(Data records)
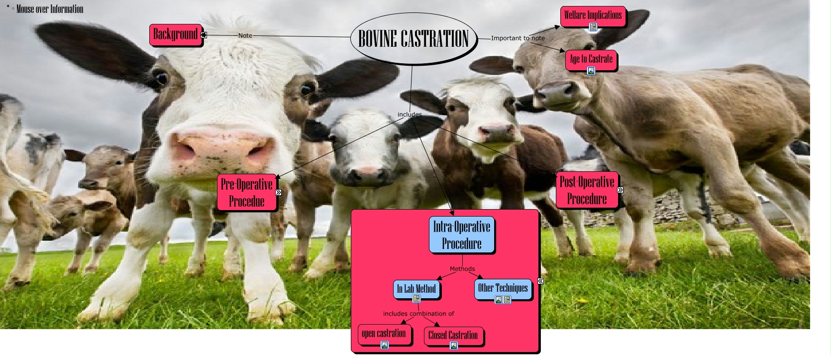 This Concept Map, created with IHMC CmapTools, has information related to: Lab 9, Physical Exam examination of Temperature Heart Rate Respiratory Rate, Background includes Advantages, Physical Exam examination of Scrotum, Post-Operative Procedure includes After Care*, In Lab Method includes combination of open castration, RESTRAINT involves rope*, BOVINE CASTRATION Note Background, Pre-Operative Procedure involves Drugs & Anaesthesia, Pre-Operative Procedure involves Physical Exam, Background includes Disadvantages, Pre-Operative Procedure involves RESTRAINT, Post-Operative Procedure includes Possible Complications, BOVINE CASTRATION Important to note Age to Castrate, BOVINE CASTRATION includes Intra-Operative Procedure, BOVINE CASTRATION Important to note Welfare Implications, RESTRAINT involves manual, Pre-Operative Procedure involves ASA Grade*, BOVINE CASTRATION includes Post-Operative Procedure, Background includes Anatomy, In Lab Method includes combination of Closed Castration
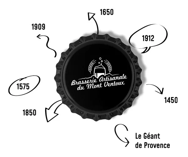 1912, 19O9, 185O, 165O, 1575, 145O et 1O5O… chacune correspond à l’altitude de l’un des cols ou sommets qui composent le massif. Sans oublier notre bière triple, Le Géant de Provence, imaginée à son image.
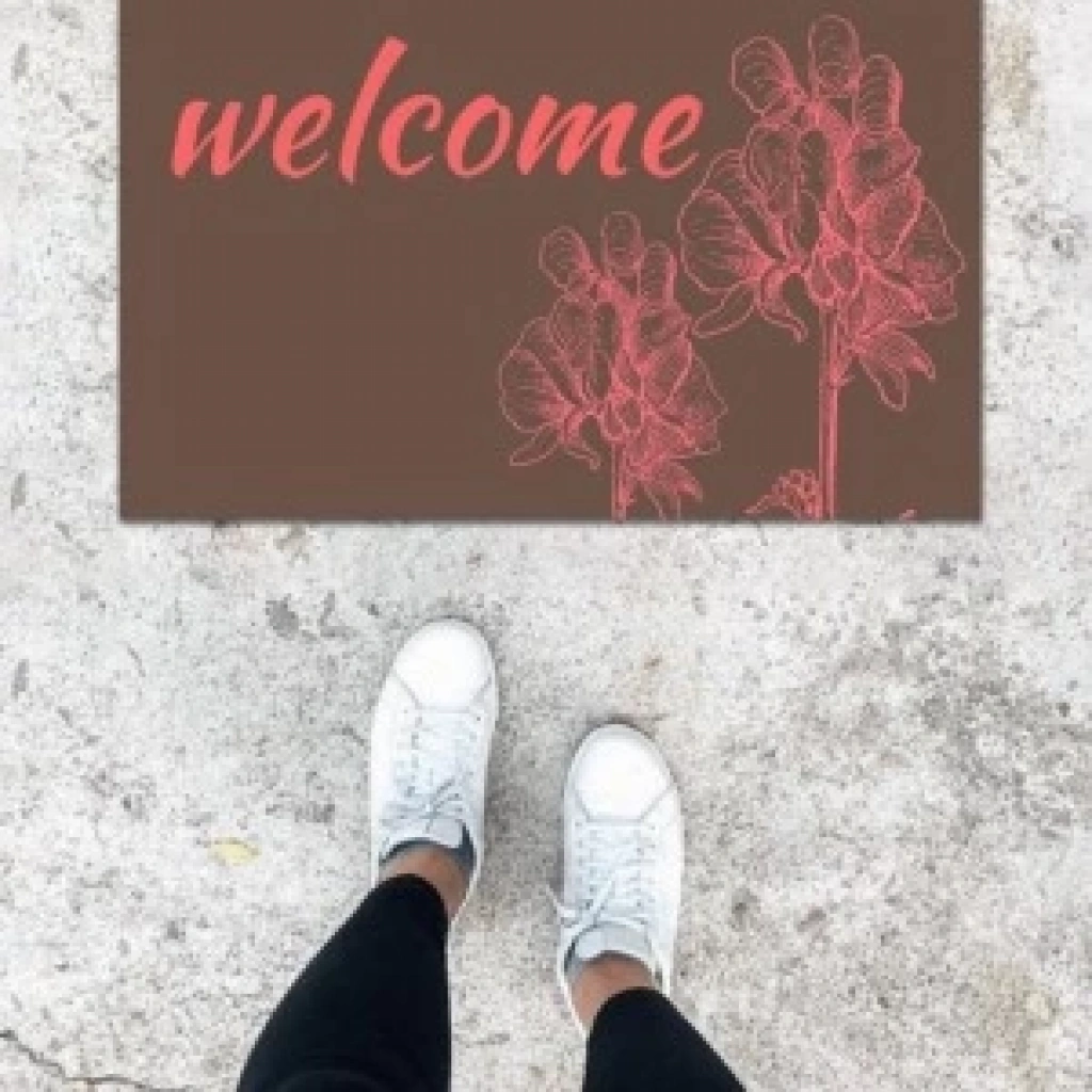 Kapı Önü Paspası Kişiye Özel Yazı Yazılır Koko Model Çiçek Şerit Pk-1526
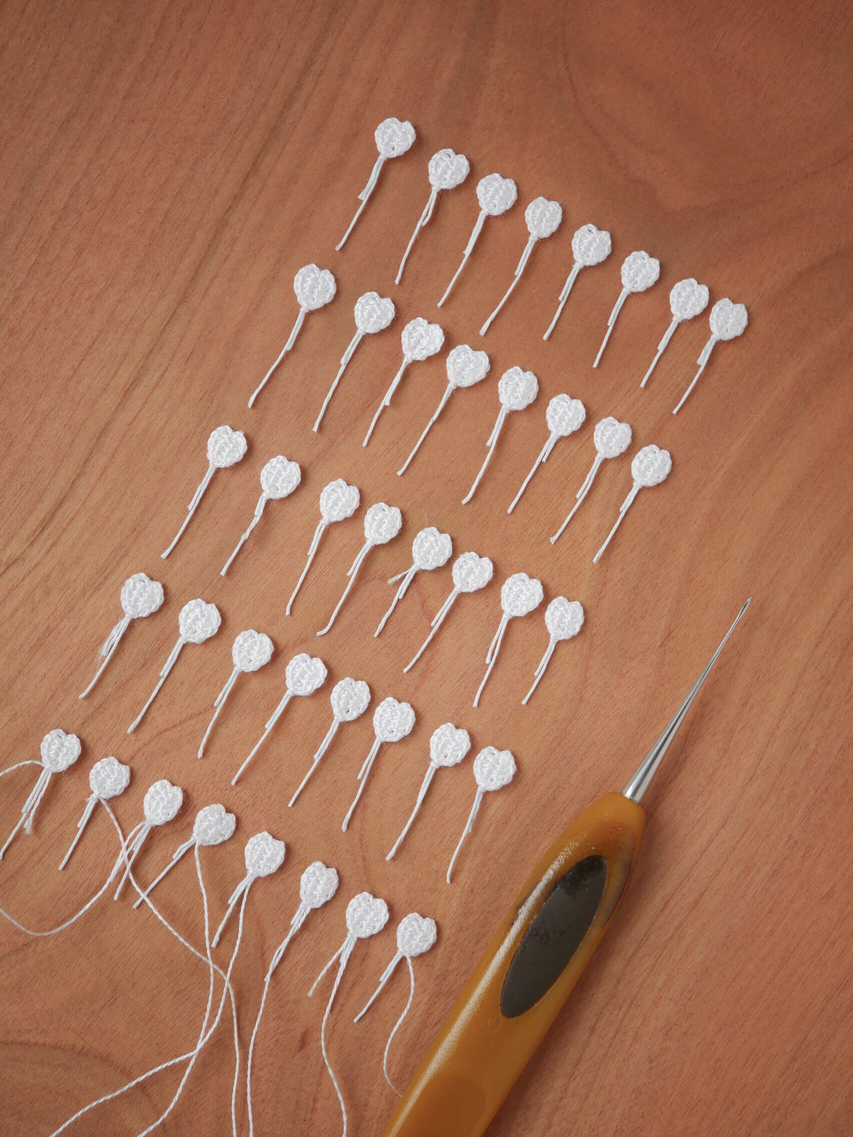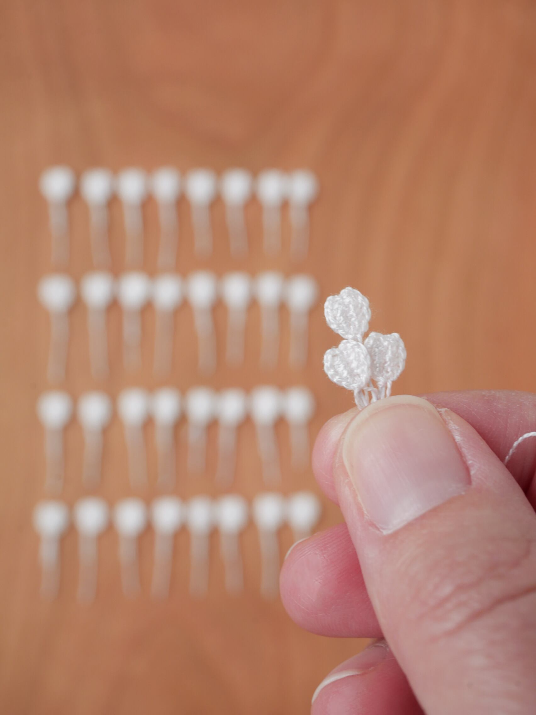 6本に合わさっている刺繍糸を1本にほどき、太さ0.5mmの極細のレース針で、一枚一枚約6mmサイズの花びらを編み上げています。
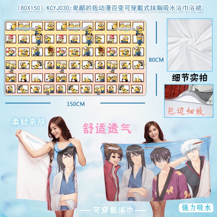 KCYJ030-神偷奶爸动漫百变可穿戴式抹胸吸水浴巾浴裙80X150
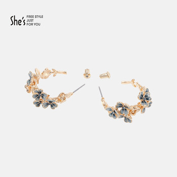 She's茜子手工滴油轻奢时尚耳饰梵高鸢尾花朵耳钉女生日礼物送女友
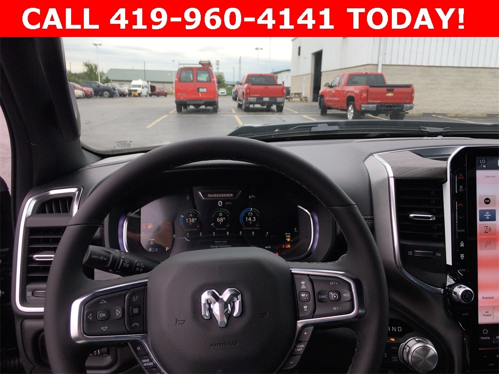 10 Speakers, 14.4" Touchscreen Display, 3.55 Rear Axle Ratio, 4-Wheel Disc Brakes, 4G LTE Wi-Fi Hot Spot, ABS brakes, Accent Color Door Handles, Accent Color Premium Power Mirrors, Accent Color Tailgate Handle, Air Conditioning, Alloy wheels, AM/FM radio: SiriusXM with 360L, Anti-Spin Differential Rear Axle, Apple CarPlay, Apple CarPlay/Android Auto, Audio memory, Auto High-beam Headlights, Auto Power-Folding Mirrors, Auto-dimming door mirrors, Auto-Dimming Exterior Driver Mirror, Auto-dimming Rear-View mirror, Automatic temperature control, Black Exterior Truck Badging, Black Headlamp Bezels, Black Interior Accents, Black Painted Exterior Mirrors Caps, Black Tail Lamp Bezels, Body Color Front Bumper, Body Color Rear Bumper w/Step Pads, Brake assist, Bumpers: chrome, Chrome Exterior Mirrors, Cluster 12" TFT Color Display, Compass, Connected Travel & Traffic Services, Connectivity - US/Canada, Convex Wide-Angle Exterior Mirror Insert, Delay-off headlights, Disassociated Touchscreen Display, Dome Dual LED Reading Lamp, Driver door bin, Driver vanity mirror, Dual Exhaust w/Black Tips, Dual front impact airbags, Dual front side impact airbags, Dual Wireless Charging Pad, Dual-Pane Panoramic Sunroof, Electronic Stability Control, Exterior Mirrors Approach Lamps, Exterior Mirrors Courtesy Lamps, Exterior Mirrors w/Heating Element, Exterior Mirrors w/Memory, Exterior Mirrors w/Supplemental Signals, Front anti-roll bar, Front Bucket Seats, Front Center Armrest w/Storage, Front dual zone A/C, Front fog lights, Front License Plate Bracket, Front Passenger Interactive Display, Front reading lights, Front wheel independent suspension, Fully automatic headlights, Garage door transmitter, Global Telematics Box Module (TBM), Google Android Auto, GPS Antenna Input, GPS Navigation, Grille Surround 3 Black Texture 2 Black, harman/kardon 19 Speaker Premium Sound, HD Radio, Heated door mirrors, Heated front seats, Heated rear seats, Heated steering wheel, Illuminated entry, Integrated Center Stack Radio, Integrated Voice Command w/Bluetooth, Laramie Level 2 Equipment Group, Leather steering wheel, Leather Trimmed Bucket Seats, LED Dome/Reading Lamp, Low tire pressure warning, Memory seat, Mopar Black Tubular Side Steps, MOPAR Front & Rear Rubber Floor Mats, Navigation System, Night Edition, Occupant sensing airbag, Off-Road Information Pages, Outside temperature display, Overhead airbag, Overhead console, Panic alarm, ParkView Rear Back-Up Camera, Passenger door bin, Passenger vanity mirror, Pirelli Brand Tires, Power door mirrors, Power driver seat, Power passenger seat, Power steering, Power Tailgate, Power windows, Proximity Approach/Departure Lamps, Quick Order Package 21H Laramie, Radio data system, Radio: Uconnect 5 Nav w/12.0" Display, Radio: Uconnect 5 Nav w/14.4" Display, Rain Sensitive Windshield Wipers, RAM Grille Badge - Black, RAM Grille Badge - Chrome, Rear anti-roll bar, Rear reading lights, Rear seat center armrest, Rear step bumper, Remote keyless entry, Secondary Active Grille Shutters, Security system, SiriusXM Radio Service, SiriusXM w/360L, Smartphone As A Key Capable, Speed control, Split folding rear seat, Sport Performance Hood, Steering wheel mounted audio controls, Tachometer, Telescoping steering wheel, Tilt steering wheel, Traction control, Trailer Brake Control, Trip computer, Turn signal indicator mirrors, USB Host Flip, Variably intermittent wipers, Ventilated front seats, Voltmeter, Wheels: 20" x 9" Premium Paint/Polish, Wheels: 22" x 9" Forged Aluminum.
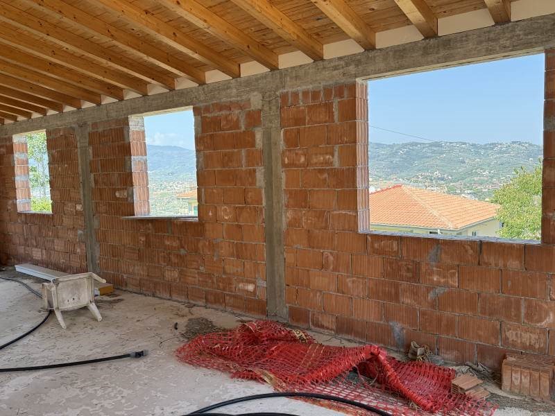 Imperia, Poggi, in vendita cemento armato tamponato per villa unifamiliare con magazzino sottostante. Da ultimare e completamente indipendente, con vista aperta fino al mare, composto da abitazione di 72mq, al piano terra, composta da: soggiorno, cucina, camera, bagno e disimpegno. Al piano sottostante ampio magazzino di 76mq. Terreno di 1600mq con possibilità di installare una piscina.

### WHAT IS BEING ASKED:
Leaving every picture aside, reproduce exactly the lines above from the one with "KCYJ030-神偷奶爸动漫百变可穿戴式抹胸吸水浴巾浴裙80X150" up to and including the one with "She's茜子手工滴油轻奢时尚耳饰梵高鸢尾花朵耳钉女生日礼物送女友", and no others.

### SOLUTION BELOW:
 KCYJ030-神偷奶爸动漫百变可穿戴式抹胸吸水浴巾浴裙80X150
 She's茜子手工滴油轻奢时尚耳饰梵高鸢尾花朵耳钉女生日礼物送女友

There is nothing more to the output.